Во «Второй книге» Надежда Яковлевна повторила свои воспоминания, чуть сместив акценты:
«В начале двадцатых годов шумела книжка Шпенглера о закате Европы, построенная по аналогии и напоминавшая Данилевского. Мы прочли с Мандельштамом „Закат Европы“, и он не согласился с выводами Шпенглера, считая, что они не приложимы к христианскому миру. Он был гораздо пессимистичнее Шпенглера, грозившего всего-навсего тем, что культура перейдет в цивилизацию и всем станет скучно. События показали, что ничего похожего на цивилизацию и на скуку не будет» (Н. Мандельштам 1990b: 407).
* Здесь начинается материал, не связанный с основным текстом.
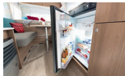
» Ampio frigorifero con 81 l di volume e freezer da 10 l (a seconda dei layout, controllare dati tecnici)
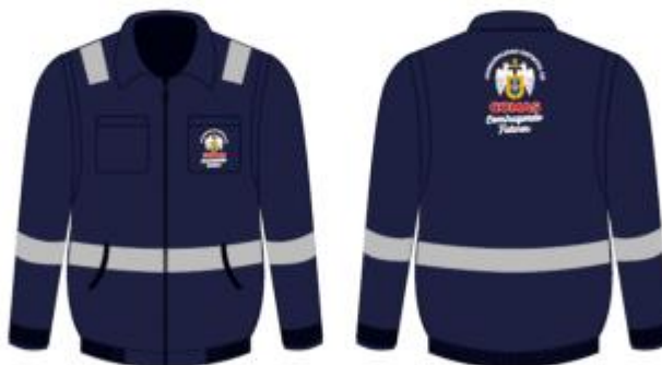
IMAGEN REFERENCIAL: SURGERENCIA DE FISCALIZACION

Palacio Municipal: Plaza de Armas s/n Av. España cdra. La Libertad km. 11 Av. Túpac Amaru Centro Cívico Municipal: Av. 22 de Agosto cdra. 8 Urb. Santa Luzmila www.municomas.gob.pe
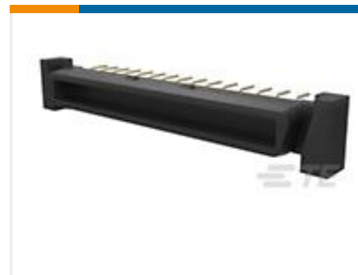
TE 产品编号5917629-5 AMP FH REC V 120P H-9 SIF
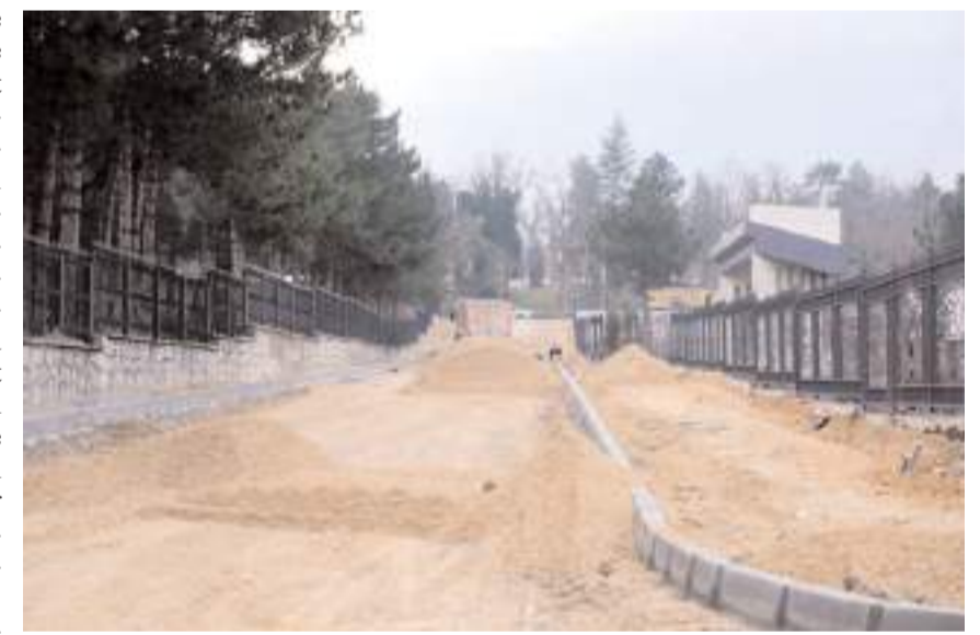
Gazi Caddesi ile Bayındır 1. Sokak arasında yeni bir yol açıldı.

Трудно определить, что в воспоминаниях вдовы поэта — косвенная речь Мандельштама, а что — ее восприятие. Свою мысль Н. Я. Мандельштам облекла в форму, которая слишком соответствует культурософским вкусам некоторых диссидентских кругов 1960-х годов, отмахивавшихся от Шпенглера, Ницше, Фрейда[151]. Нередко Надежда Яковлевна вчитывала в Мандельштама и свой собственный читательский опыт, начавший формироваться в послереволюционные годы[152].
Более аутентичным в воспоминаниях Н. Мандельштам кажется нам блоковский контекст восприятия Шпенглера. Кажется, что вдова поэта отчасти противоречит самой себе: если в «Воспоминаниях» Мандельштам предстает не таким пессимистом, как Шпенглер и Блок, то во «Второй книге» — гораздо большим пессимистом. Судя по всему, Надежда Яковлевна хотела сказать, что у Мандельштама, в отличие от Шпенглера и Блока, восприятие конца определенного периода европейской культуры не приняло апокалиптических черт и избежало не лишенного эстетизма декадентского пафоса Шпенглера. Мандельштаму могли быть сродни идеи и предчувствия конца старой культуры (у Шпенглера или в пересказе Ф. Степуна)[153], но болезненно-тревожному наслаждению трагическим концом Европы Мандельштам предпочел мужественный скорбный плач по уходящей в небытие старой культуре, без символистско-экспрессионистского демонизма и надрыва, умаляющего память о бесценной утрате[154].